You've already got the answer to your direct question, but you may wish to consider re-structuring the data. To me, the following makes a lot more sense, and will enable you to more easily index into it for what you asked, and for any possible later queries:
from pprint import pprint
items = [[el.get(i, '?') for el in (d1,d2,d3,d4,d5)] for i in range(6)]
pprint(items)
[['0', '0', '0', '0', '0'],
['Japan', 'Honda', 'Blue', 1970, 'Economy'],
['USA', 'Chrysler', 'Green', 1980, 'Sports'],
['Korea', 'Toyota', 'Red', 1990, 'SUV'],
['Germany', '?', 'White', 2000, '?'],
['?', '?', '?', '?', '?']]
I would use a list of dicts d = [d1, d2, d3, d4, d5], and then a list comprehension:
[d[i][key] for i, key in enumerate(a)]
To make the whole thing more readable, use nested dictionaries - each of your dictionaries seems to represent something you could give a more descriptive name than d1 or d2:
data = {'country': {0: 'Japan', 1: 'USA' ... }, 'brand': {0: 'Honda', ...}, ...}
car = {'country': 1, 'brand': 2 ... }
[data[attribute][key] for attribute, key in car.items()]

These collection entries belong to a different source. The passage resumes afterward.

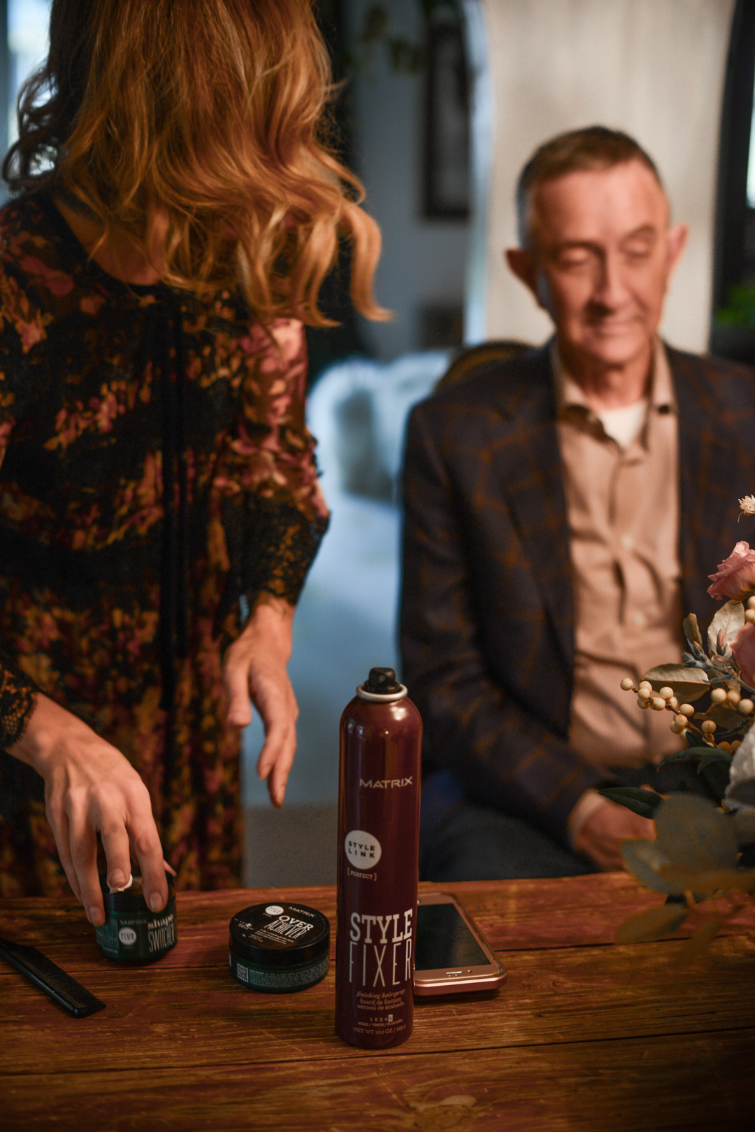 On the day of, the stylists arrived three hours before the wedding and I did my makeup myself while Danielle styled my hair. I chose to do my makeup myself because I actually find doing my makeup relaxing. I was keyed up in the hours before we walked down the aisle! It is pretty chaotic finding time to get ready in the midst of handling wedding details and making last minute decisions. Being tucked away with Matrix’s team in my mom’s bedroom with my sister, my best friends, and my mom helped calm my nerves considerably. It was a really special moment. My husband, my dad, and our officiant also got their hair done by Matrix’s team and the guys all loved getting their hair too.
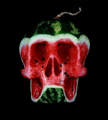 Unik dan kreatif! buah buahan seperti epal, dan tembikai diukir menyerupai tengkorak manusia.
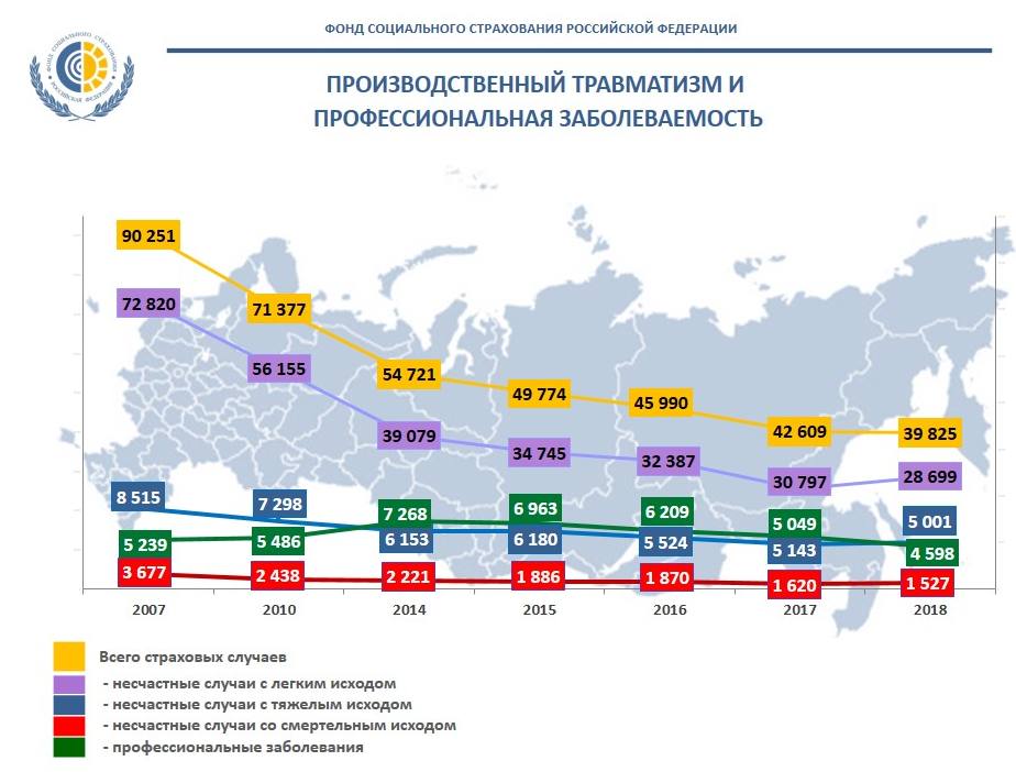 На сегодняшний день, не смотря на внедрение новых, более современных и безопасных для человека технологий, остается много отраслей, где травматизм представляет собой значительную проблему. Таким образом, можно сказать, что уровень производственного травматизма в России сегодня в первую очередь определяется технологическим уровнем производства. Кроме того, статистические данные, сильно отличаются от региона к региону по уровню регистрируемости этого показателя.

Note this would not necessarily be in order if that is important, though I think there is an ordered dictionary type.
As suggested by the comment, a dictionary with contiguous integers as keys can be replaced by a list:
data = {'country': ['Japan', 'USA', ...], 'brand': ['Honda', ...], ...}
If you need to keep d1, d2, etc. as is:
newA = [locals()["d%d"%(i+1)][a_value] for i,a_value in enumerate(a)]
Pretty ugly, and fragile, but it should work with your existing code.
You don't need a dictionary for this at all. Lists in python automatically support indexing.
def main():
d1=['0','Japan','USA','Korea','Germany',"?"]
d2=['0','Honda','Chrysler','Toyota','?']
d3=['0','Blue','Green','Red','White','?']
d4=['0', 1970,1980,1990,2000,'?']
d5=['0','Economy','Sports','SUV','?']
ds = [d1, d2, d3, d4, d5] #This holds all your lists
#This is what range is for
a=range(5)
#Find the nth index from the nth list, seems to be what you want
print [ds[n][n] for n in a] #This is a list comprehension, look it up.